34. The process of claim 30 wherein the surfactant comprises ethanolamine, triethanolamine, octyldimethylamine oxide, nonylphenoxy poly(ethyleneoxy)ethanol, polyalkylene glycol, or a mixture of two or more thereof.

35. The process of claim 30 wherein the concentration of the surfactant in the inoculum is in the range from about 0.001 to about 1% by weight.

36. The process of claim 24 wherein the spores comprise bacterial spores.

37. The process of claim 24 wherein the spores comprise spores of the Bacillus or Clostridia genera.
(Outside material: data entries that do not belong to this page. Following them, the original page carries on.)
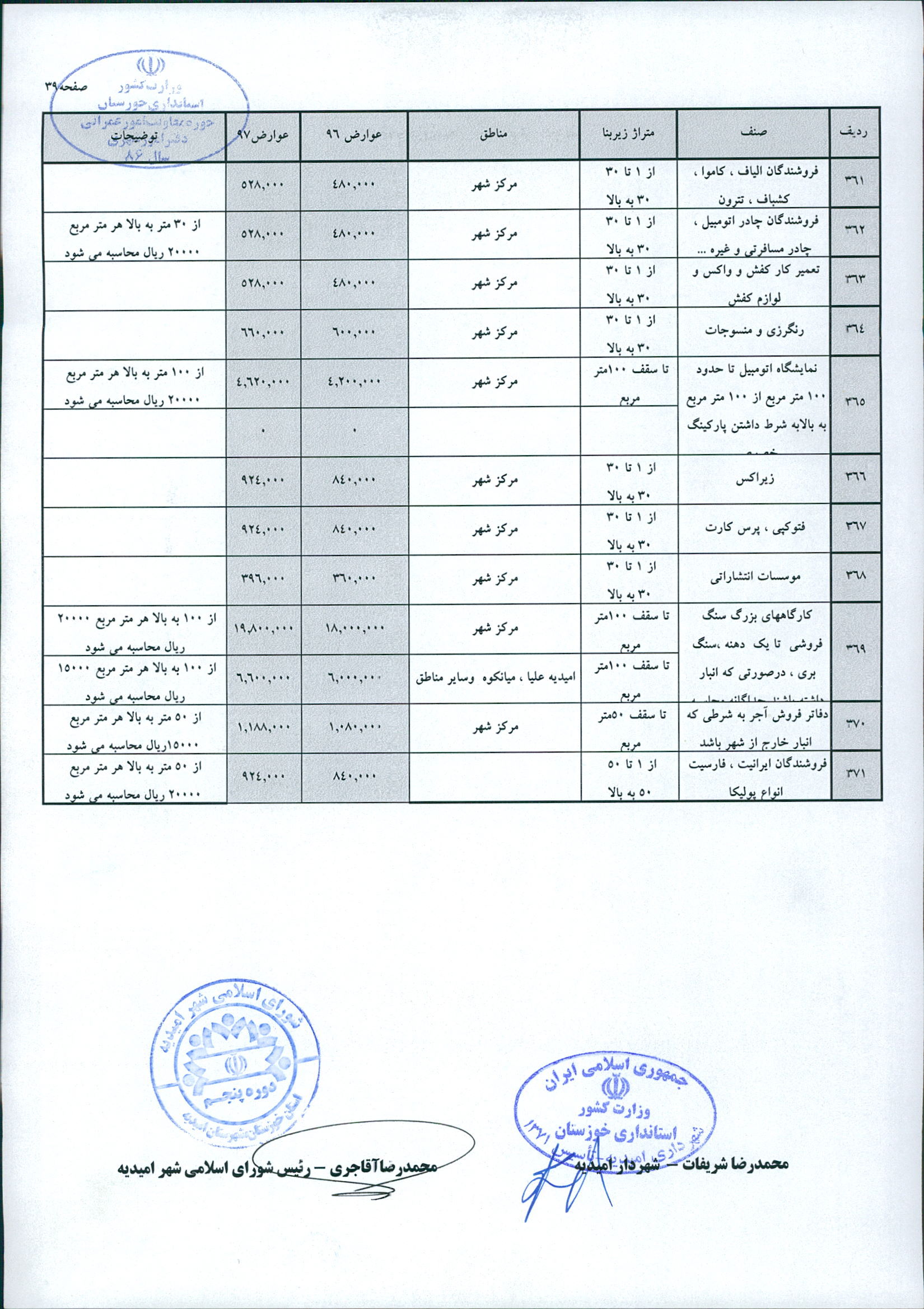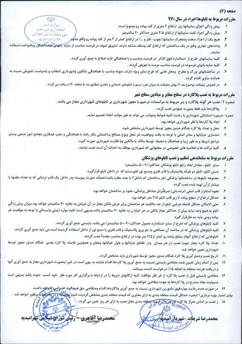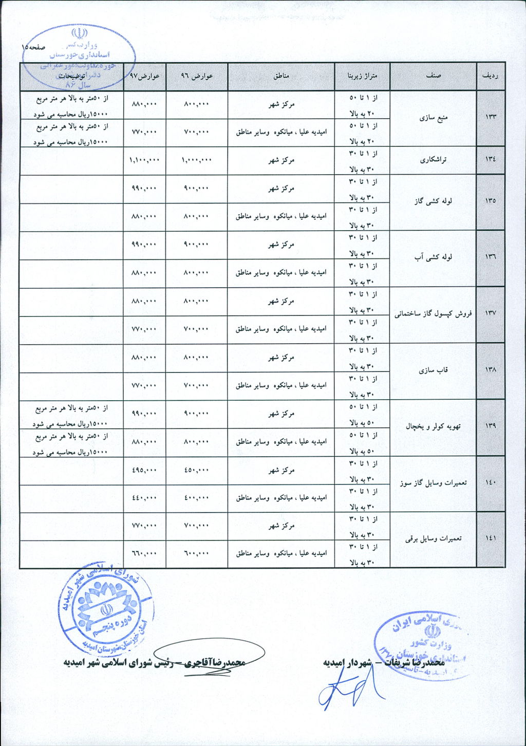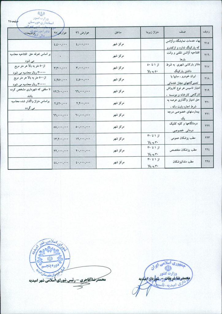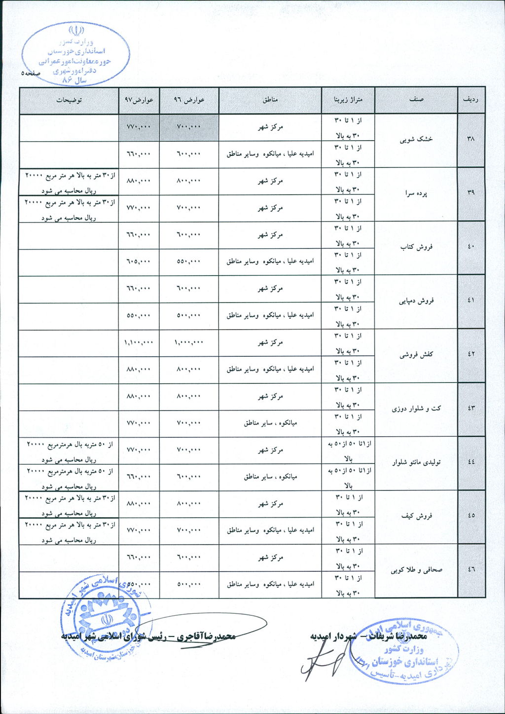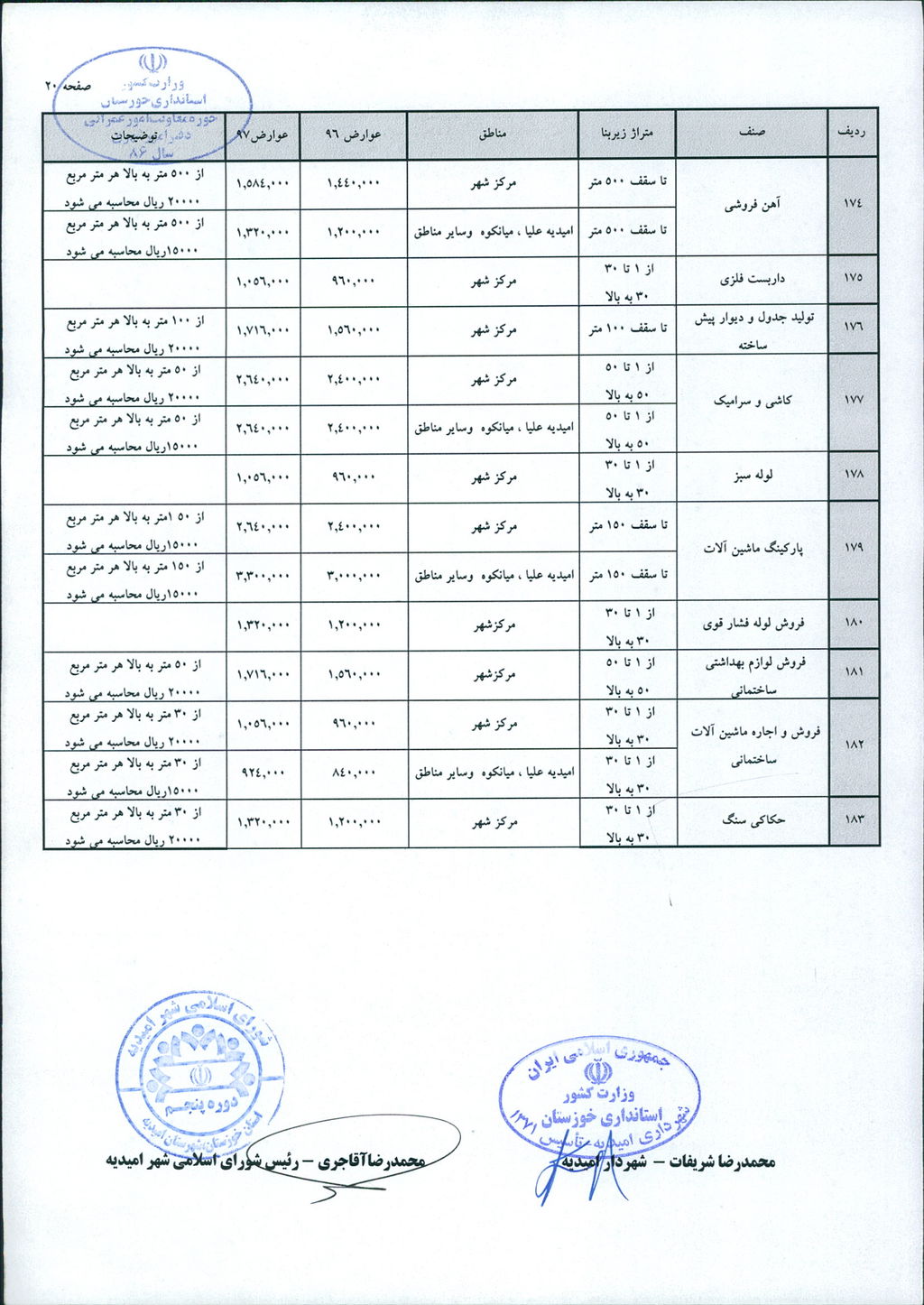مصوبه شماره ۱ جلسه شماره ۲۱ مورخ ۹۶/۱۱/۲ شورای اسلامی شهر امیدیه
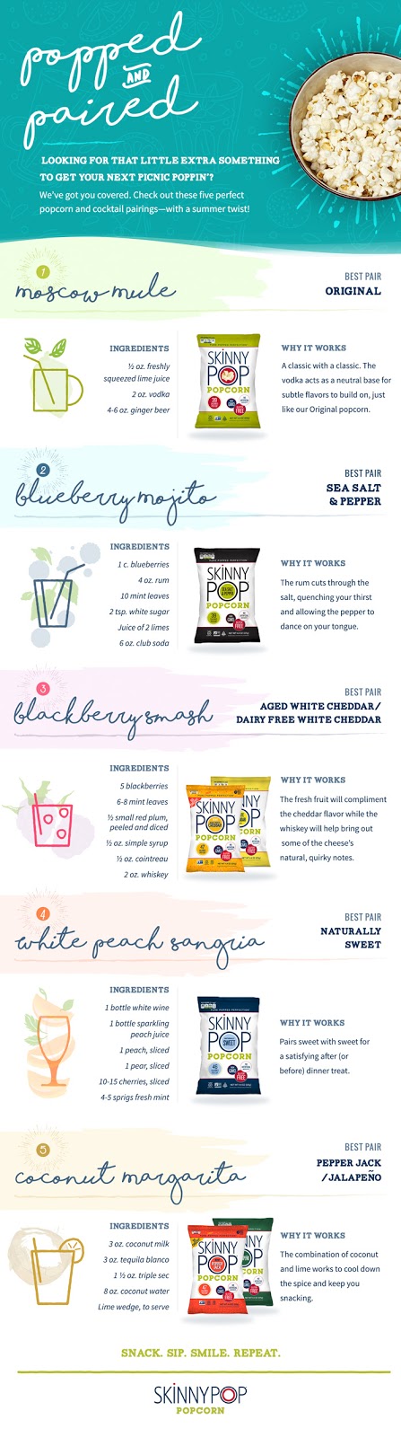 I don’t know about you, but I often enjoy a few healthy snacks to go along with my cocktail. SkinnyPop is one of my favorites and I am a big fan of the original flavor but there are so many to choose from. SkinnyPop recently shared their own list of fun summer cocktails. I have my eye on the blueberry mojito or sangria to try for my next lightened-up adult beverage.
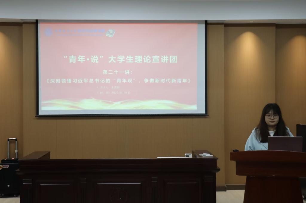 宣讲会上,王莞舒以深刻领悟习近平总书记的青年观,争做新时代新青年为主题,从时代、理论、价值、实践四个维度带领同学们深度解读其主要内容,引导学生深刻认识习近平总书记青年观的理论与现实意义。她指出,大学生作为新时代发展的中坚力量,应坚定理想信念、敢于挺膺担当、甘于吃苦耐劳也要肯于拼搏奋斗,在推进强国建设、民族复兴伟业中展现青春作为、彰显青春风采、贡献青春力量。
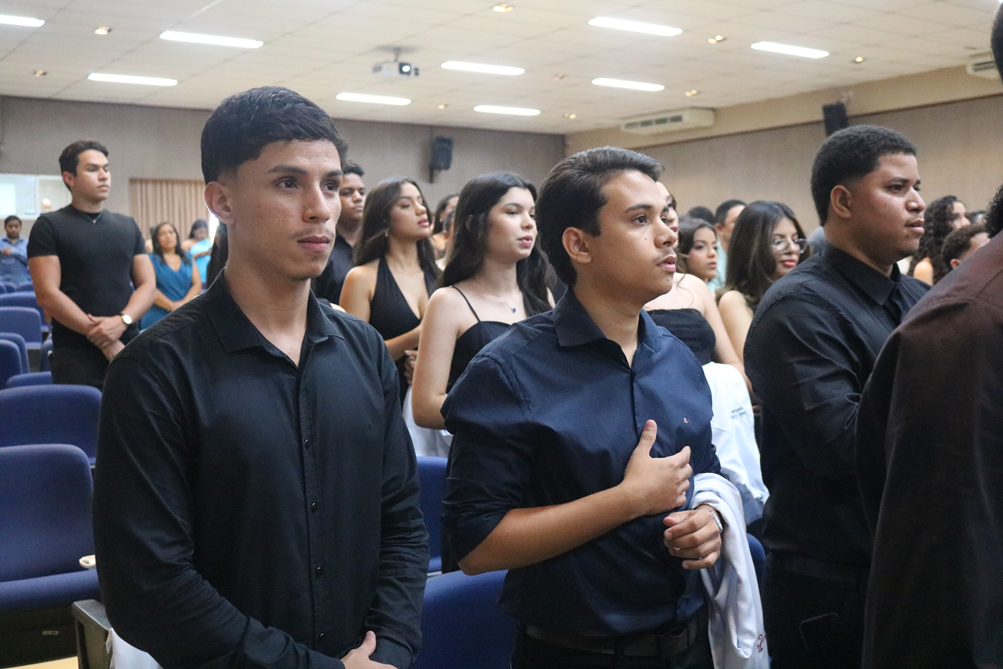 Um dos pontos mais marcantes da cerimônia foi o juramento, proferido pelo acadêmico Gustavo William Ximendes e Silva, que, em nome da turma, reafirmou o compromisso com os princípios da honestidade, da ciência e da ética no exercício da Odontologia.
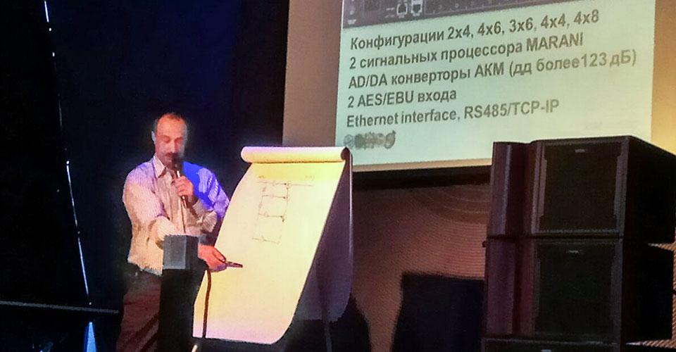 Специальным приглашённым гостем на мероприятии стал один из основоположников концепции внедрения микропроцессорной техники в звукоусилительные и управляющие приборы – Микеле Марани (основатель компании MARANI). В ходе форума Микеле не только рассказал о своем бизнесе и DSP-процессорах, но и показал, как за 15 минут заставить акустический комплект звучать по-новому. Приятным сюрпризом для всех участников стало исполнение итальянским гостем прекрасной музыкальной партии на электропиано.
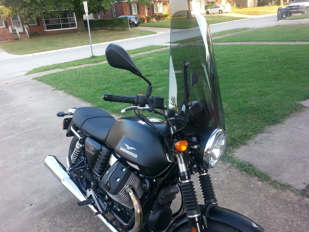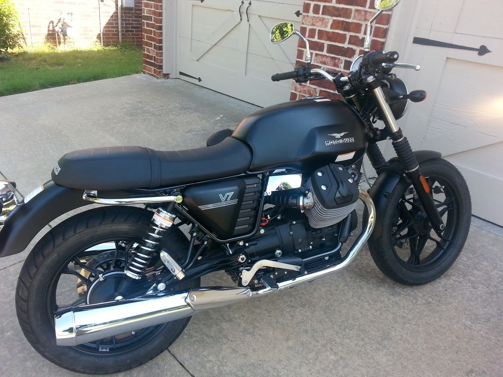 Thanks everyone for your insights, and welcomes. Based on some earlier replies, I bought the black sump extender from Guzzitech. I will get it installed at the first service. I talked to Donny, a certified Guzzi tech here in Tulsa, and he concurred that I should get the sump. BTW, mine is a V7 2014, so 5 speed, no ABS, no traction control. I won't be taking it off road, so not worried about extended sump. It does have the single throttle body though. Since then I also had a windshield put on it, as well as changed the mirrors (oh what a difference!). I would post before and after pics but I am not sure how on this forum. -akilesh
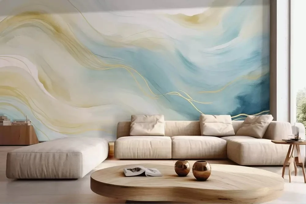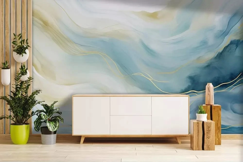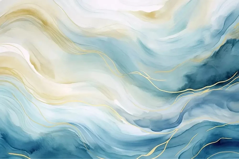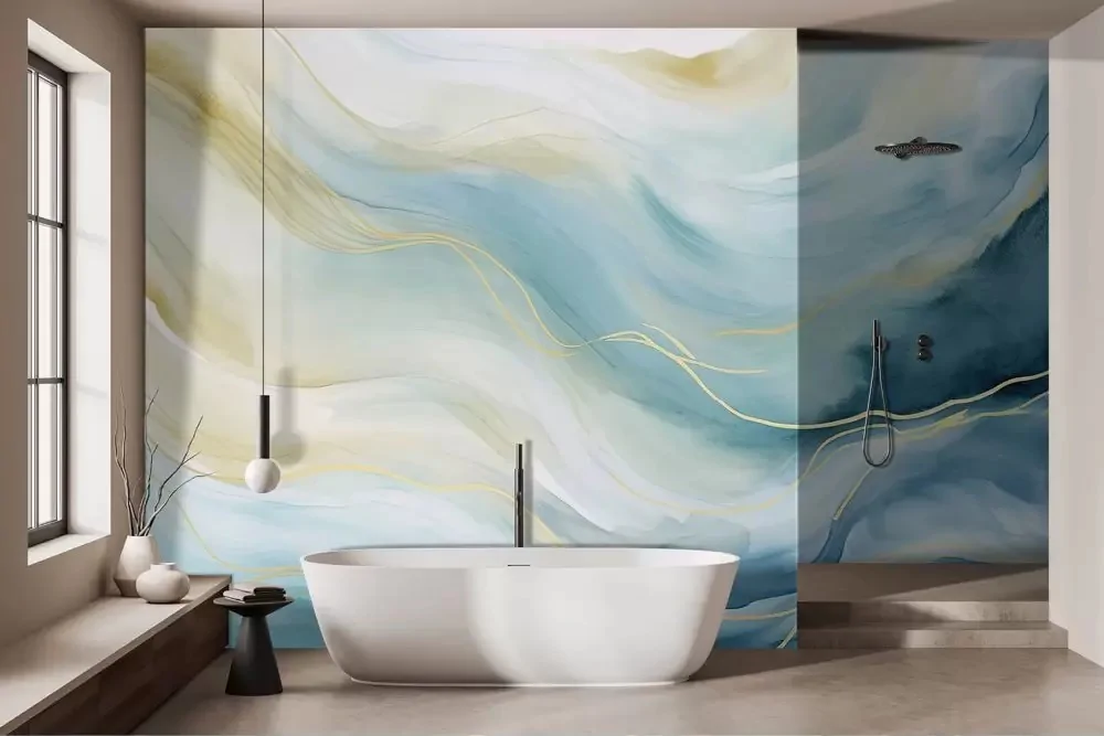 Carta da parati astratta onde blu acquerello, delicata e armoniosa. Ideale per bagni e spa domestiche. Ecologica e personalizzabile.
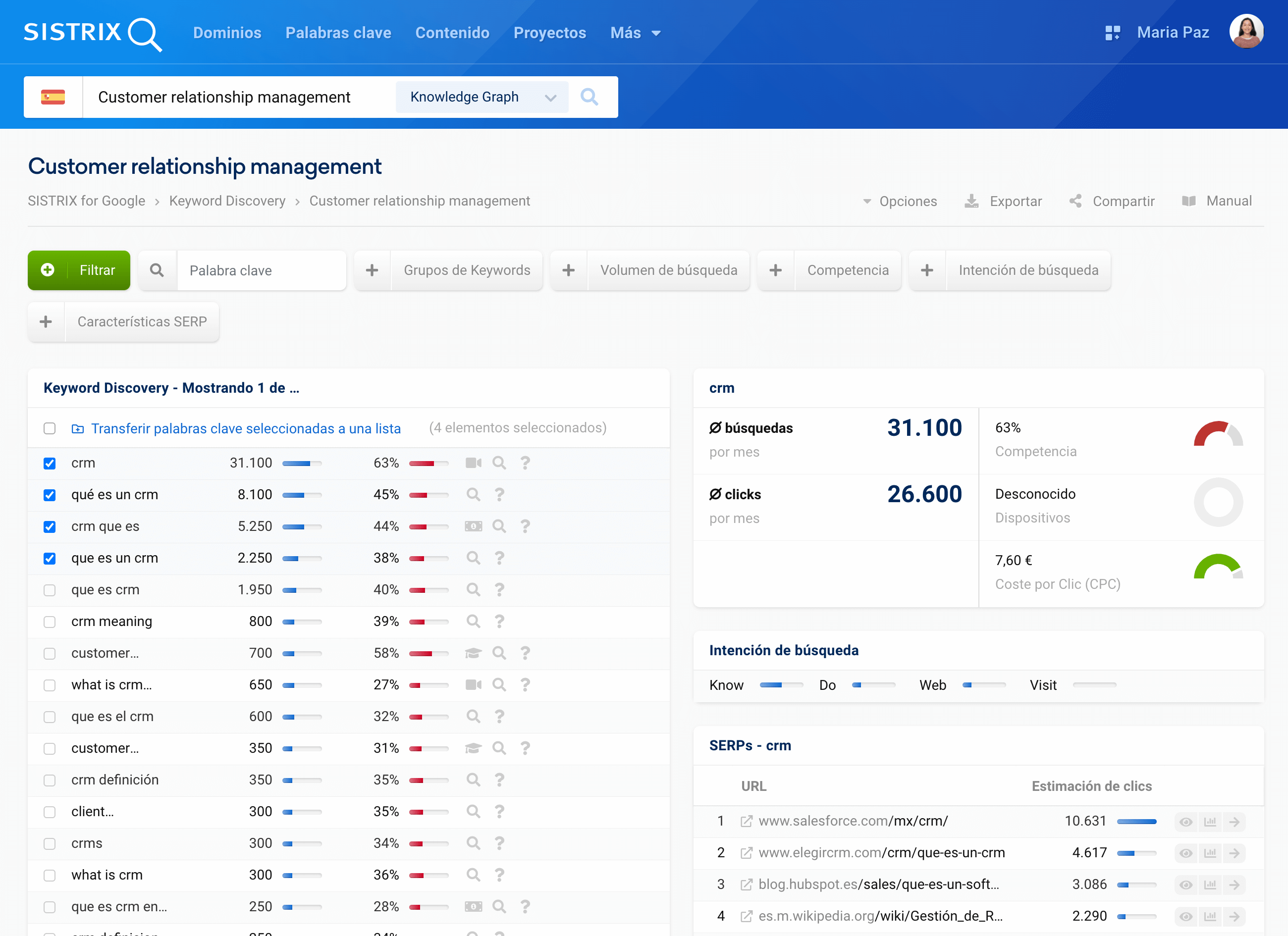 Como primer paso, examina las palabras clave para las que se muestra el Panel de Knowledge Graph para «Customer Relationship Management».
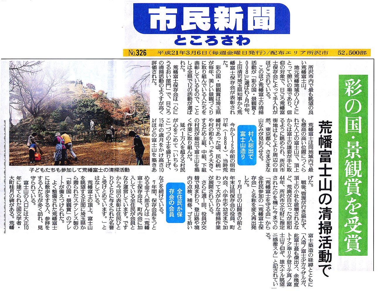 ソフトが不調だと思ったら今度はハードが不調で、しばらく途方にくれておりました。再起動を繰り返しながら、しかたがないのでその間、オブジェに手を入れたりしていました。 やっと修復できたら日付が変わっています。まあ、できるところから。 たいぶ日がたってしまいましたが、先日の「荒幡富士」。 昨年は本の取材でお話をうかがい、今年2月にはNHKの番組に一緒に出ていただき、お世話になりっぱなしの荒幡富士保存会会長の金子さんにこの日もお世話になりました。いきものふれあいセンターのスタッフや地元の方、近隣からいらした方と一緒に登拝いたしました。 この季節、ツツジとヤマツツジがとても美しかったです。 塚に関する新しいお話もた〜くさん聞けました。(くわしくは後日) 本当にありがとうございました。 頂上では、展望図の看板が新しくなっていました。そう言えば、2月、番組の収録に訪れた際、「これはもう10年くらい経っていて古いんですよ。もう変えなくちゃ」とおっしゃっていました。収録の直後に作り変えたのだそうです。 看板の下のところにつけられているのが「彩の国・景観賞2008」のプレート。2月12日に金子さんたち保存会と地域の方たちが埼玉県知事から表彰されました。 3月、受賞に関する新聞記事をいただいていたので、ブログで紹介したいと思っていました。(この他にも記事はありますが) 今年度で22回目を迎えたこの賞は、「たてもの・まちなみ部門」のほか、住民が主体となったまちづくり活動や、良好な景観を守り育てる活動が対象となる「心のうるおい部門」があり、保存会が中心となって続けている「荒幡富士の清掃活動」が、後者の部門で受賞されました。おめでとうございます。 でも、年に2回、保存会と地域ボランティアが荒幡富士を清掃するのは知っていましたが、おそらくそれだけではこんなに綺麗には保てないと思います。この富士山を愛し、いつも手入れを怠らない方たちの努力があってこそこんなに清々しい場所となったのでしょう。 清掃するということは「お浄め」でもあり、そこに神様も降りて来る。立派な聖地ですね。山は有り難い姿で訪れる人を迎え、そこに立てば人も気持ちいいと感じる。(私が好きな竹富島が「神高い」のも、島の人が早朝から道を掃き浄めたりして、清掃を続けているからだと気づきました♪) さて、昨日、金子さんから連絡がありました。今年の夏の清掃には、子供たちのボランティアが増え、なんと総勢200人でやることになったそうです。また、最近荒幡富士が注目されていて、訪れる人も増えているとのことです。本当に有り難いことですね。私も嬉しいと同時に、地域の方たちと交流を持てることに、心から感謝しております。 ちなみに清掃日は6月14日です。登拝の状況はよくわかりませんが、その日を狙って行かれるのもいいかもしれませんね。いつもとは違うお山の姿を感じられるかもしれません。 ★★★★★★★★★★★★★★★★★★★★★★★★

38. The process of claim 24 wherein the spores comprise spores of Geobacillus stearothermophilus, Bacillus atrophaeus, Bacillus sphaericus, Bacillus anthracis, Bacillus pumilus, Bacillus coagulans, Clostridium sporogenes, Clostridium difficile, Clostridium botulinum, Bacillus subtilis globigii, Bacillus cereus, Bacillus circulans, or a mixture of two or more thereof.

39. The process of claim 24 wherein the spores comprise Geobacillus stearothermophilus spores.

40. The process of claim 24 wherein the inoculum has a concentration of spores in the range from about 1×103 to about 1×106 colony forming units per microliter.

41. The process of claim 24 wherein the inoculum has a volume in the range from about 10 to about 1000 microliters.